Variable Type Information
1984/85 Discrete Count of rock-wren at each of 12 locations in 1984/85.
2005 Discrete Count of rock-wren at each of 12 locations in 2005.
Change Discrete Difference in count between 2005 and 1984/85.

There is 1 data file associated with this presentation. It contains the data you will need to complete the lesson tasks.

Video

Objectives

Learning Objectives

New skills and concepts:

  1. Jitter plot.

  2. Add line to plot.

Reinforcing skills and concepts seen in earlier lessons:

  1. Read data.

  2. Summary statistics.

  3. Strip chart.

  4. Confidence interval and hypothesis test for mean, difference in means.

  5. Bootstrap confidence interval.

Tasks

0. Read and Format data

0a. Read in the data

First check you have installed the package readxl (see Section 2.6) and set the working directory (see Section 2.1), using instructions in Getting started with R.

Load the data into R.

Important Information

Name your data wren for easier reference later.

Previous Lesson

To load the data in R we run code analogous to Task 0 in Cockles Section 3.0.1

The code has been hidden initially, so you can try to load the data yourself first before checking the solutions.

Code
library(readxl) #loads readxl package

wren<-read_xls("Wren bird data.xls") #loads the data file and names it wren

head(wren) #view beginning of data frame
Code
library(readxl) #loads readxl package
Warning: package 'readxl' was built under R version 4.2.2
Code
wren<-read_xls("Wren bird data.xls") #loads the data file and names it wren

head(wren) #view beginning of data frame
# A tibble: 6 × 3
  `1984/85` `2005` Change
      <dbl>  <dbl>  <dbl>
1         2      1     -1
2         1      1      0
3         1      1      0
4         1      0     -1
5         3      2     -1
6         3      1     -2

This opens a data frame containing 3 columns. 1984/85 is the number of rock wren counted at the 12 locations in the year 1985, 2005 is the counts in the same areas ten years later in 2005, and Change is the difference between the counts in 1985 and 2005.

1. Plot Data

1a. Scatter Plot

Construct a scatter plot of the 2005 count versus the 1984/85 count.

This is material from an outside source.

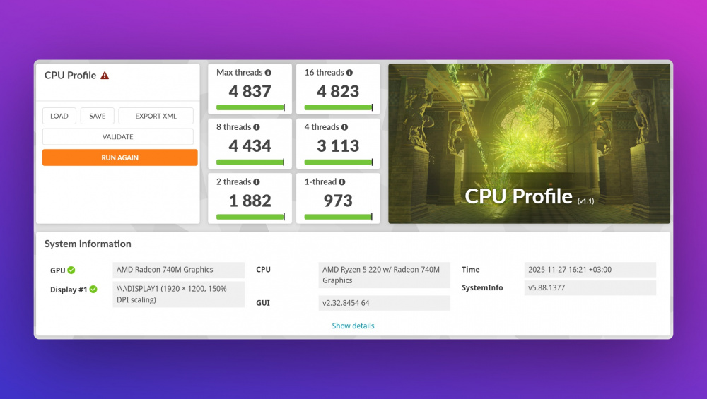 Память — DDR5, часть распаяна, но есть слот расширения до 32 ГБ. SSD — быстрый PCIe 4.0, в тестах даёт хорошие скорости чтения и записи.

What do you notice about the data?

Code
plot(wren$`1984/85`,wren$`2005`,pch=18,col="green3",xlab="Count 1984/85",ylab="Count 2005",main = "Counts of Rock Wren in Fiordland")
Code
plot(wren$`1984/85`,wren$`2005`,pch=18,col="green3",xlab="Count 1984/85",ylab="Count 2005",main = "Counts of Rock Wren in Fiordland")

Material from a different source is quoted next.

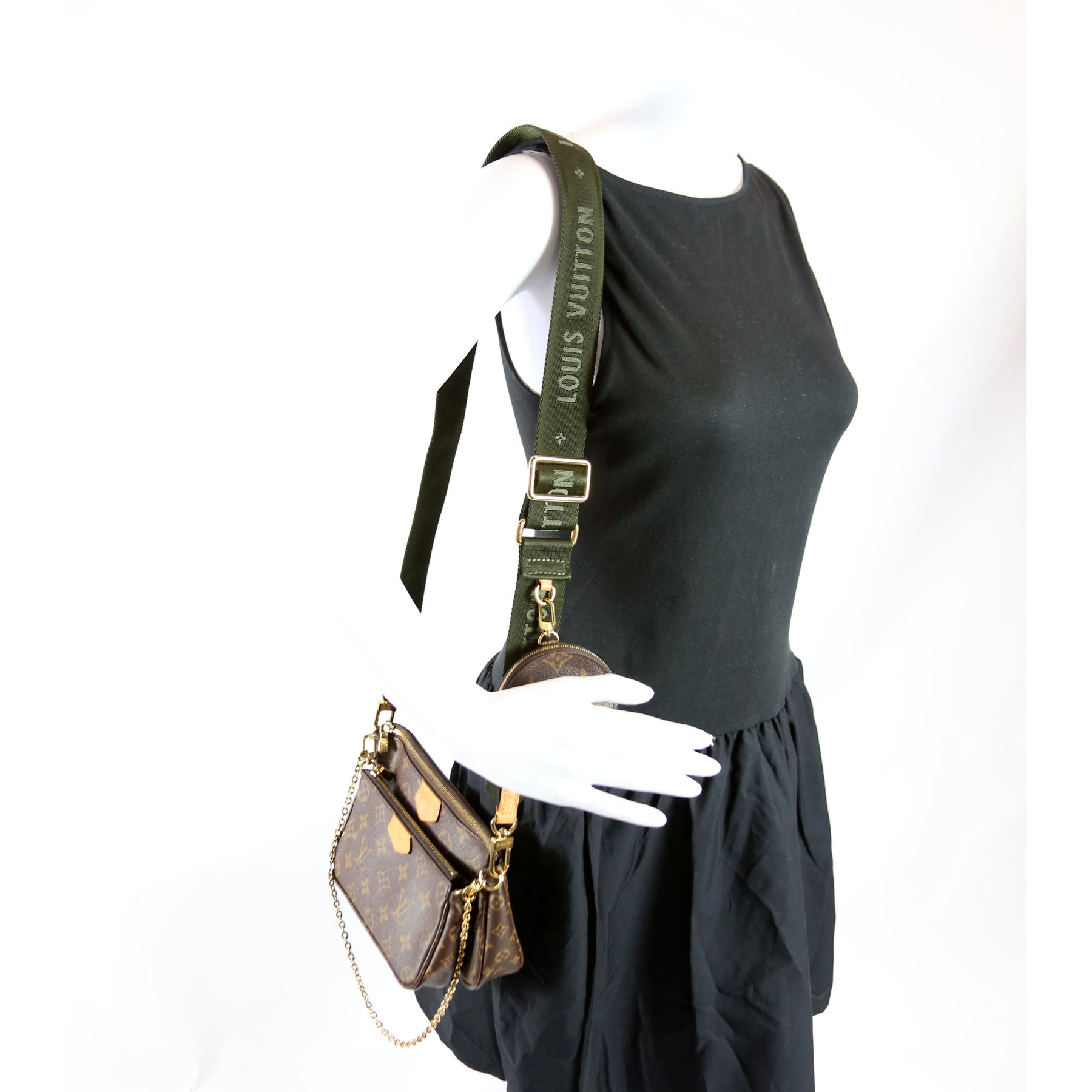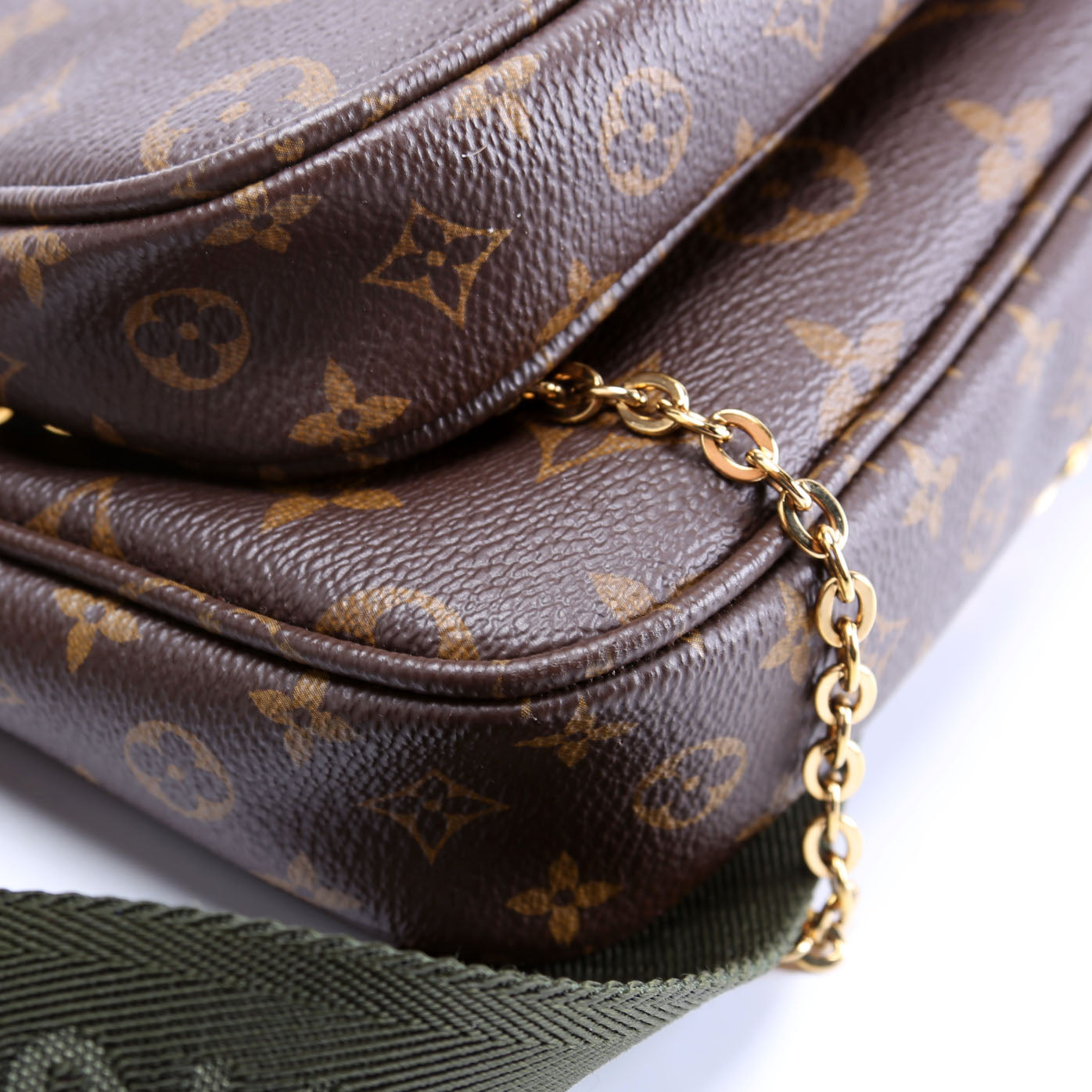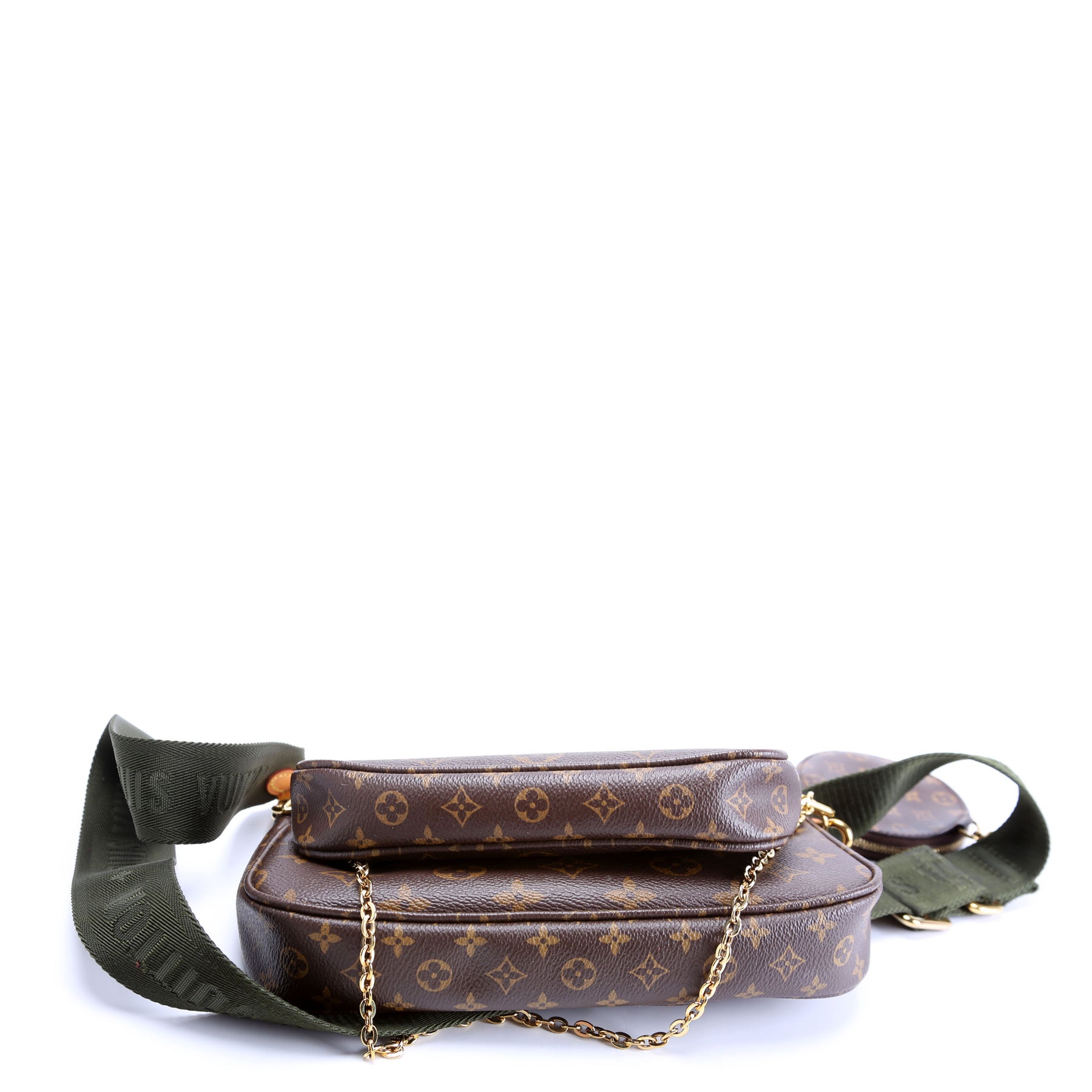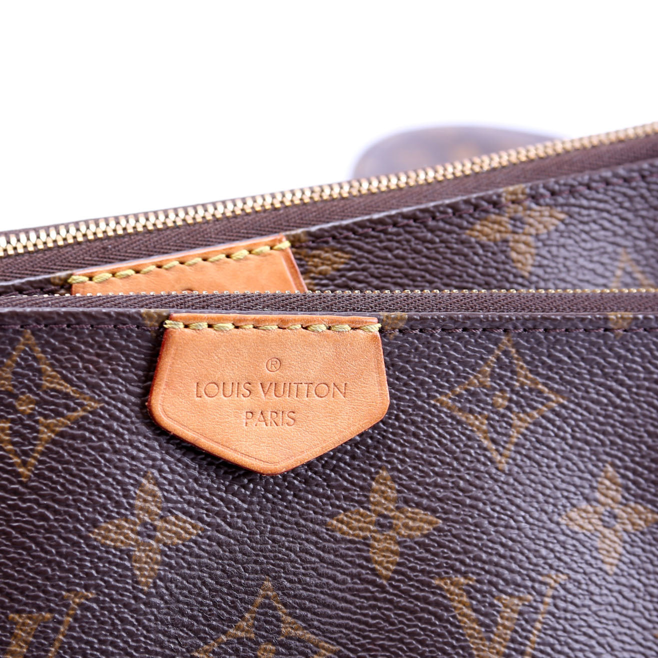 This pre-owned Louis Vuitton Multi Pochette is guaranteed 100% authentic. The exterior is in the classic Louis Vuitton Monogram coated canvas.

Some of the points lie directly on top of each other - there are 12 points in the data set but only 10 points showing in the graph.

1b. Scatter Plot with Jitter

Adding a small amount of variation (jitter) to one of the counts allows the overlapping points to be seen.

Jitter one of the variables, then use this to construct a new scatter plot.

A new column with the random variation can be produced using the jitter() function on the 1984/85 counts

Code
wren$Jitter1985<-jitter(wren$`1984/85`,factor=1.5)

Use this column to recreate the scatter plot, with added random jitter

Code
plot(wren$Jitter1985,wren$`2005`,pch=18,col="green3",xlab="Count 1984/85",ylab="Count 2005",main = "Counts of Rock Wren in Fiordland")

You can now see the two hidden points. The exact location of the points will vary for everyone as the jitter is random.

Code
#variable with random jitter
wren$Jitter1985<-jitter(wren$`1984/85`,factor=1.5)

plot(wren$Jitter1985,wren$`2005`,pch=18,col="green3",xlab="Count 1984/85",ylab="Count 2005",main = "Counts of Rock Wren in Fiordland")

You should now see the two hidden points. The exact location of the points will vary for everyone as the jitter is random.

Produce the plot of Change versus 1984/85, with added jitter if necessary.

Does this show what’s happening in the data more clearly? Why or why not?

1c. Add Line

Add a 1-1 line to show the counts that would be expected if there was no change between 1984/85 and 2005.

Code
#repeat plot from Task 1a.
plot(wren$Jitter1985,wren$`2005`,pch=18,col="green3",xlab="Count 1984/85",ylab="Count 2005",main = "Counts of Rock Wren in Fiordland")

#add line with intercept 0 and slope 1
abline(0,1)
Code
#repeat plot from Task 1a.
plot(wren$Jitter1985,wren$`2005`,pch=18,col="green3",xlab="Count 1984/85",ylab="Count 2005",main = "Counts of Rock Wren in Fiordland")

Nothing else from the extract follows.